Gravuras rupestres colocaram Foz Côa no mapa mundial da arqueologia

A descoberta das gravuras rupestres do Vale do Côa, na primeira metade da década de 1990, colocou o concelho de Vila Nova de Foz Côa no roteiro mundial da arqueologia, quando até aí dependia exclusivamente do turismo vínico.

A decisão governamental de não construir a barragem do Baixo Côa, em 1995, e a classificação dos sítios rupestres como Património Mundial da Unesco, em finais de 1998, mudaram o rumo não só de Vila Nova de Foz Côa, no norte do distrito da Guarda, mas de todo o vale do rio.

A primeira grande mudança foi de âmbito global e centrou-se na investigação e no conhecimento. Os arqueólogos no Côa revelaram um amplo centro de arte rupestre paleolítica de ar livre, algo até então praticamente desconhecido, dado a maioria das descobertas até então ter ocorrido em grutas.

Esta descoberta colocou “nas bocas” da comunidade científica o que passou a ser considerado como um dos mais importantes achados arqueológicos de sempre de gravuras do paleolítico superior.

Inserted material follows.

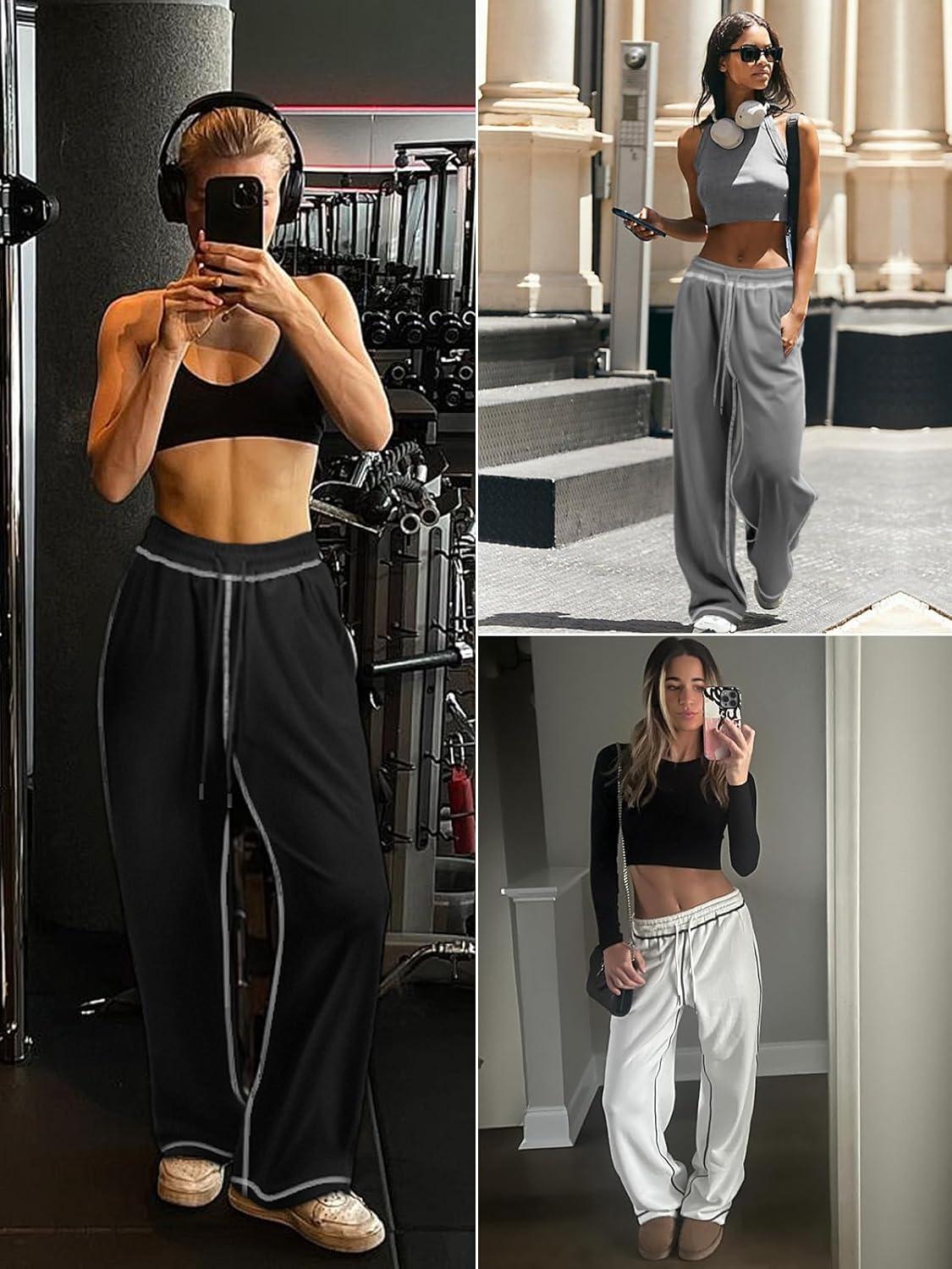 ATHMILE Track Pants Women Sweatpants Wide Leg Straight Drawstring Teen Girl Fall Jogging Soft Lounge Athletic Pajama Joggers(White)

A história tornou-se rapidamente muito mediática, porque assentava num problema de escolha: ou se construía um grande empreendimento hidroelétrico ou se salvavam os testemunhos de arte rupestre cuja importância arqueológica e grande antiguidade foram desde muito cedo reconhecidos.

“Uma história de paixões que, ao longo de todo o ano de 1995 alimentou muitas primeiras páginas e dividiu as opiniões dos portugueses”, destaca o arqueólogo António Martinho Batista, um dos pioneiros da descoberta.

A internacionalização do “caso Côa”, apoiada em movimentos de cidadãos, contribuiu decisivamente para o arrastar do problema até às eleições de outubro de 1995, tendo o caso sido uma bandeira política do Partido Socialista, que acabaria vencedor.

O quotidiano da pacata vila viveu por estes tempos momentos fortes, nomeadamente quando o então Presidente da República, Mário Soares, visitou o local, acompanhado de jovens que gritavam “As gravuras não sabem nadar!”, glosando uma música então em voga dos Black Company.

Quem recorda esses tempos é o então ministro da Cultura do Governo socialista, Manuel Maria Carrilho.

“A questão das gravuras estava em debate nacional. Era um tema nacional, político”, indica o ex-governante, acrescentando que foi “uma grande luta”.

“Não tinha ficado no Governo um dia sequer se isto não se mantivesse. A preservação das gravuras foi, aliás, uma promessa eleitoral”, lembra.

Agora, Carrilho pede ao primeiro-ministro, António Costa, e ao ministro da Cultura, João Soares, para que se “acorde para o valor absolutamente único que existe em Foz Côa e para o potencial de toda aquela zona do interior”.

“O passado acabaria por ditar o futuro, com a criação do Parque Arqueológico e um centro de estudos de arte rupestre, que seriam os alicerces do Museu do Côa, inaugurados em 31 de julho de 2010”, lembra António Martinho Batista.

As gravuras do Côa e agora também o Museu do Côa, terão atraído à região quase um milhão de visitantes nos últimos 20 anos.

Alexandra Cerveira Lima, uma das arqueólogas do Vale do Côa, sublinha que os cientistas “revelaram ao mundo a dimensão da arte rupestre paleolítica de ar livre, até então desconhecida. O Côa é um repositório de informação, um imenso registo arqueológico conservado”.

Por sua vez, o presidente da Câmara de Vila Nova de Foz Côa, Gustavo Duarte, diz que muito mais poderia ter mudado no concelho com a descoberta das gravuras rupestres.

“Como se disse na altura, queremos que o Museu do Côa e o parque arqueológico contribuam para o desenvolvimento do Vale do Côa”, frisa, apontando mudanças no afluxo turístico a Foz Côa, mas referindo que há potencial para mais, já que houve, entretanto, uma melhoria significativa na rede viária.

“Queremos fazer deste património uma componente agressiva para o turismo no território”, assegura.